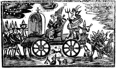 Above: Detail from Extraordinary verses on Pope-night, or, A commemoration of the Fifth of November, giving a history of the attempt, made by the papishes, to blow up king and Parliament, printed in Boston, 1768. Collection, Library of Congress
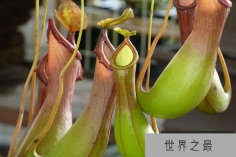 猪笼草算是世界上最有趣的草中唯一吃肉的植物,它的目标大多是小昆虫,它的样子非常的奇特有趣,形似一个茄子状的笼子,在笼口还长有一块“盖子”,笼内壁分泌着极其粘稠的液体,只要昆虫一落到笼子边上,就会逐渐粘连并且滑入其中,最终被液体溶解。
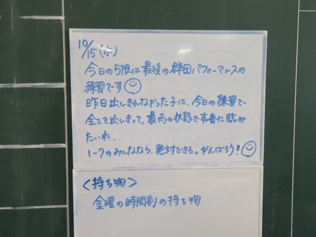 10月15日(水) すべてを出し切って(^^)/【1年黒板メッセージ】
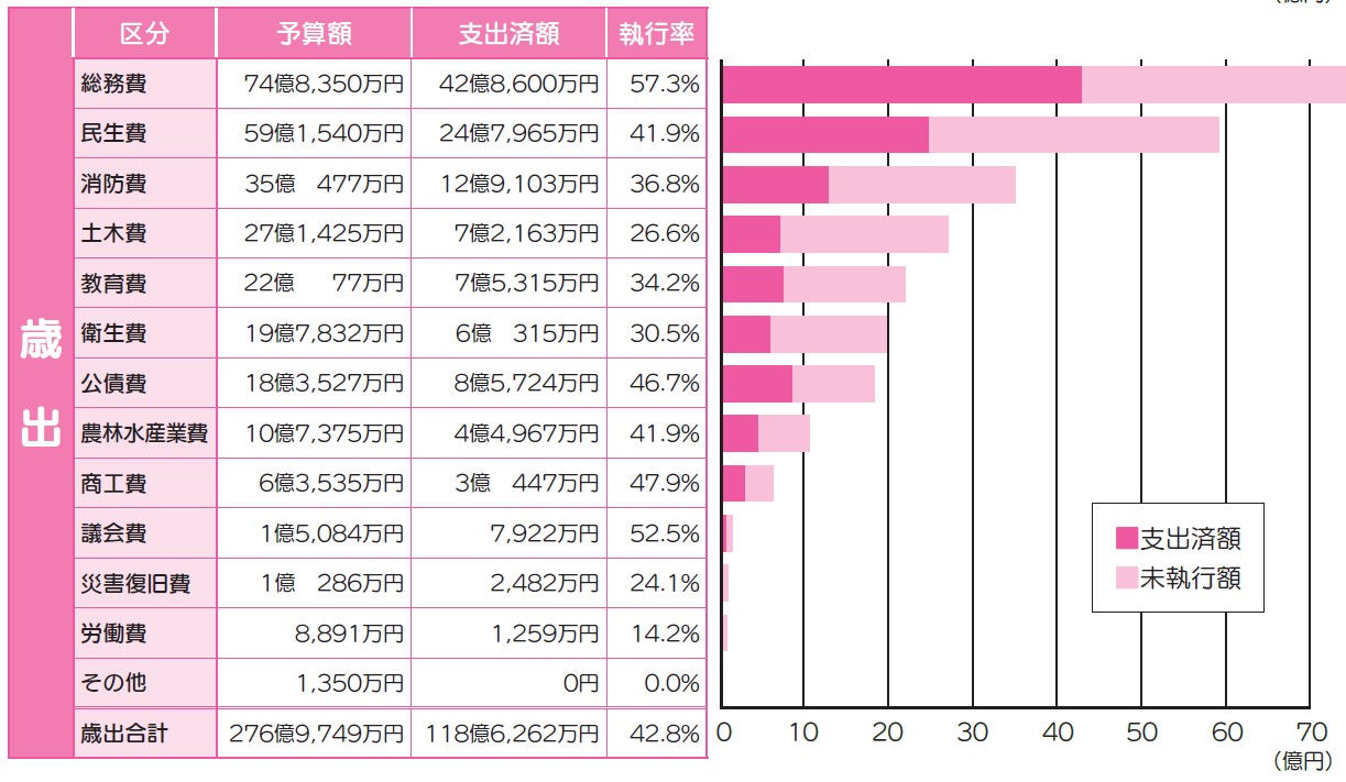 歳出予算は、全体で118億6,262万円が支出され、予算に対する執行率は42.8%となっています。

**Aim of the exercise**
Print the listing verbatim; no pictures.

**Task result**
 Above: Detail from Extraordinary verses on Pope-night, or, A commemoration of the Fifth of November, giving a history of the attempt, made by the papishes, to blow up king and Parliament, printed in Boston, 1768. Collection, Library of Congress
 猪笼草算是世界上最有趣的草中唯一吃肉的植物,它的目标大多是小昆虫,它的样子非常的奇特有趣,形似一个茄子状的笼子,在笼口还长有一块“盖子”,笼内壁分泌着极其粘稠的液体,只要昆虫一落到笼子边上,就会逐渐粘连并且滑入其中,最终被液体溶解。
 10月15日(水) すべてを出し切って(^^)/【1年黒板メッセージ】
 歳出予算は、全体で118億6,262万円が支出され、予算に対する執行率は42.8%となっています。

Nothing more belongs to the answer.